DATA EXTRACTS:

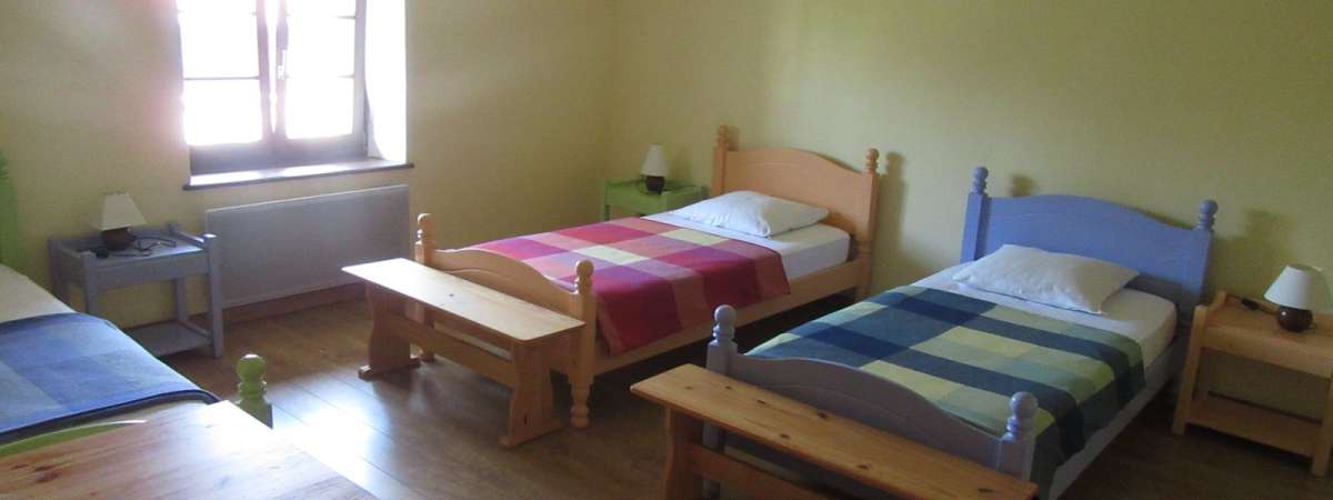 Rez-de-chaussée avec cuisine, salon (blibliothèque et jeux de société), salle d'eau/WC. Trois chambres à l'étage avec salle de bains et WC individuel.
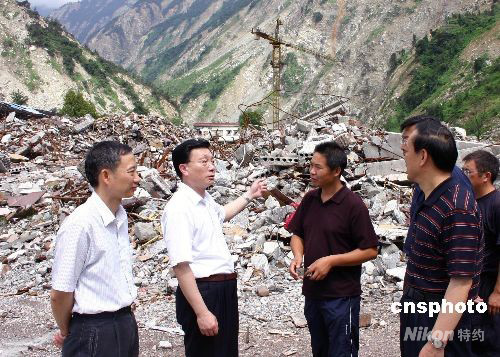 8月25日,中国国务院侨务办公室副主任马儒沛、国内司司长程铁生一行赴四川灾区进行为期三天的考察,重点考察“侨爱学校”的选址和进展情况。图为马儒沛(左二)在震中映秀映电宾馆废墟前了解灾情。中新社发 黄永莉 摄
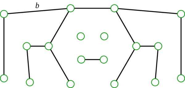このグラフが \(4\) 個の成分を持つことは視覚的に分かる。一方、定理 2.12.2 (b) で \(e = b\) とすれば、\(G \setminus b\) は \(G\) より一つ多い成分を持つことが分かる。\(G \setminus b\) の描画を次に示す:
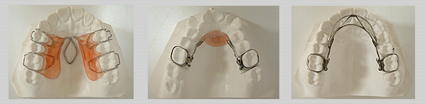 症例によって様々ですが、基本的に歯の裏側につける目立たないもの、または取り外しのできるもの(可撤式)が多いです。
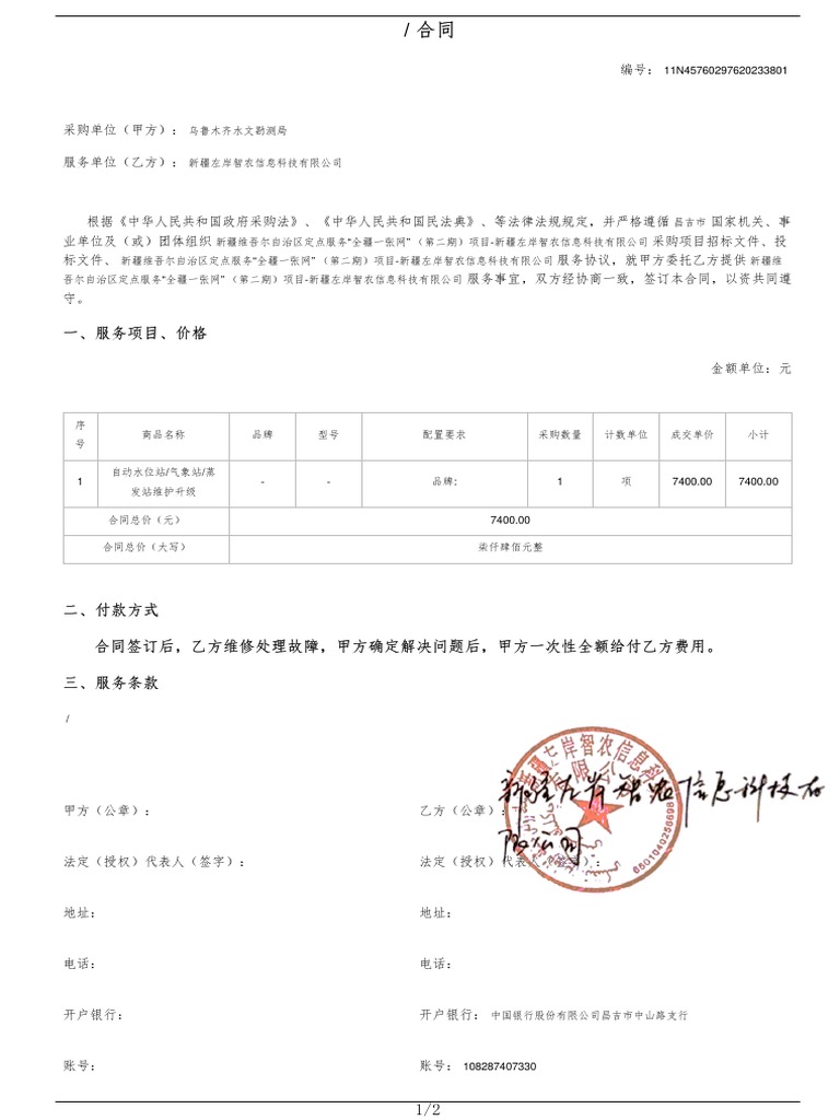 吾尔自治区定点服务“全疆一张网” (第二期)项目-新疆左岸智农信息科技有限公司 服务事宜,双方经协商一致,签订本合同,以资共同遵
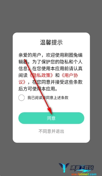 1、打开刷圈兔编辑器app,点击同意隐私政策
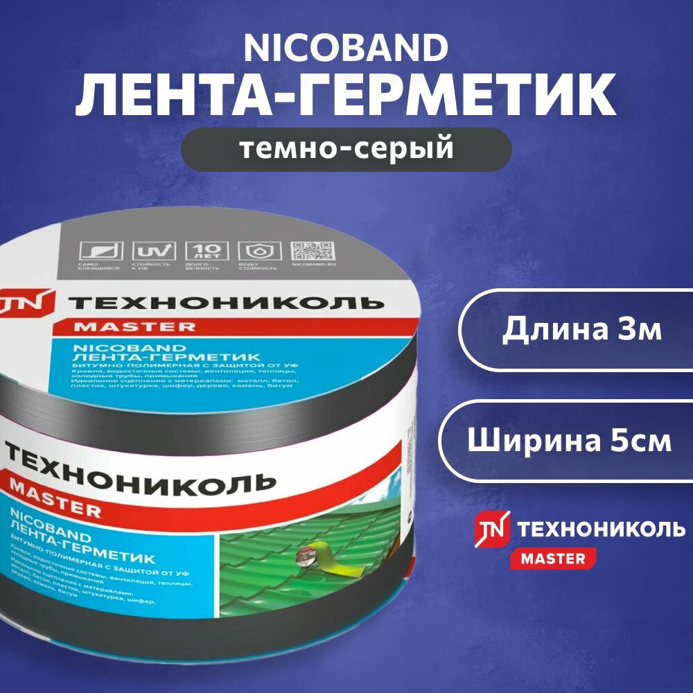 Купить Самоклеющаяся герметизирующая лента ТехноНиколь NICOBAND д:3м,ш:5см, темно-серый

TASK DIRECTIONS: Wherever an image appears, omit it; copy the rest of the records exactly.

REPLY:
 Rez-de-chaussée avec cuisine, salon (blibliothèque et jeux de société), salle d'eau/WC. Trois chambres à l'étage avec salle de bains et WC individuel.
 8月25日,中国国务院侨务办公室副主任马儒沛、国内司司长程铁生一行赴四川灾区进行为期三天的考察,重点考察“侨爱学校”的选址和进展情况。图为马儒沛(左二)在震中映秀映电宾馆废墟前了解灾情。中新社发 黄永莉 摄
このグラフが \(4\) 個の成分を持つことは視覚的に分かる。一方、定理 2.12.2 (b) で \(e = b\) とすれば、\(G \setminus b\) は \(G\) より一つ多い成分を持つことが分かる。\(G \setminus b\) の描画を次に示す:
 症例によって様々ですが、基本的に歯の裏側につける目立たないもの、または取り外しのできるもの(可撤式)が多いです。
 吾尔自治区定点服务“全疆一张网” (第二期)项目-新疆左岸智农信息科技有限公司 服务事宜,双方经协商一致,签订本合同,以资共同遵
 1、打开刷圈兔编辑器app,点击同意隐私政策
 Купить Самоклеющаяся герметизирующая лента ТехноНиколь NICOBAND д:3м,ш:5см, темно-серый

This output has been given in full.